Here's a pretty simple reproducer: --- #!/bin/bash iptables -t nat -F IPTABLES-BUG >/dev/null 2>&1 iptables -t nat -X IPTABLES-BUG >/dev/null 2>&1 mt='-m tcp -p tcp --dport 42 -m comment --comment testing -j MASQUERADE' iptables -t nat -N IPTABLES-BUG for i in $(seq 1 250); do iptables -t nat -w -A IPTABLES-BUG -d 1.0.0.$i $mt done while true; do iptables -t nat -C IPTABLES-BUG -d 1.0.0.250/32 $mt & iptables -t nat -C IPTABLES-BUG -d 1.0.0.250/32 $mt done --- The problem exists only in RHEL8. Using either kernel or iptables from upstream avoids it, here's why: 1) In RHEL8 kernel, listing the ruleset bumps its generation ID. Upstream avoids that, probably with commit b8b27498659c6 ("netfilter: nf_tables: return immediately on empty commit"). 2) While fetching rules, recvfrom() call may return EINTR. Upstream iptables notices the changed generation ID and retries, RHEL8 iptables can't do that due to how cache population is integrated into calling code. Backporting the patch from 1) would avoid the problem with given reproducer, but a background job performing actual ruleset changes may cause the same situation nevertheless.
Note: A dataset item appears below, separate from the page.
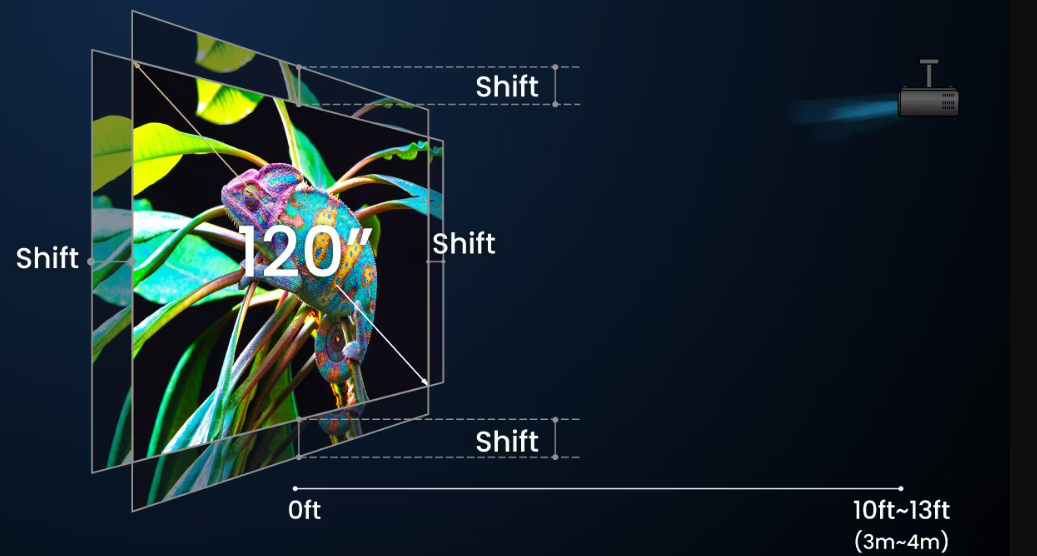1,3x yakınlaştırma, karmaşık kurulum zahmetine girmeden büyük ekran eğlencesi için çeşitli atış mesafeleriyle kullanılabilir alanı en üst düzeye çıkarır.

Reorganizing cache handling in iptables to match upstream requires a larger backport series, probably not suitable for RHEL8. This RHEL-only fix seems to do the trick: --- a/iptables/nft-cache.c +++ b/iptables/nft-cache.c @@ -404,9 +404,12 @@ static int nft_rule_list_update(struct nftnl_chain *c, void *data) NLM_F_DUMP, h->seq); nftnl_rule_nlmsg_build_payload(nlh, rule); +retry: ret = mnl_talk(h, nlh, nftnl_rule_list_cb, c); - if (ret < 0 && errno == EINTR) + if (ret < 0 && errno == EINTR) { assert(nft_restart(h) >= 0); + goto retry; + } nftnl_rule_free(rule); --- Even with multiple other loops spinning on chain create and delete calls, this doesn't loop more than 3 or 4 times until it succeeds and given that it retries only in EINTR case, I consider it safe.
I decided to apply the same workaround to fetch_table_cache(), fetch_set_cache() and fetch_chain_cache() also. For some reason failures from fetch_table_cache() weren't problematic and fetch_chain_cache() never failed, but large enough rulesets might change that.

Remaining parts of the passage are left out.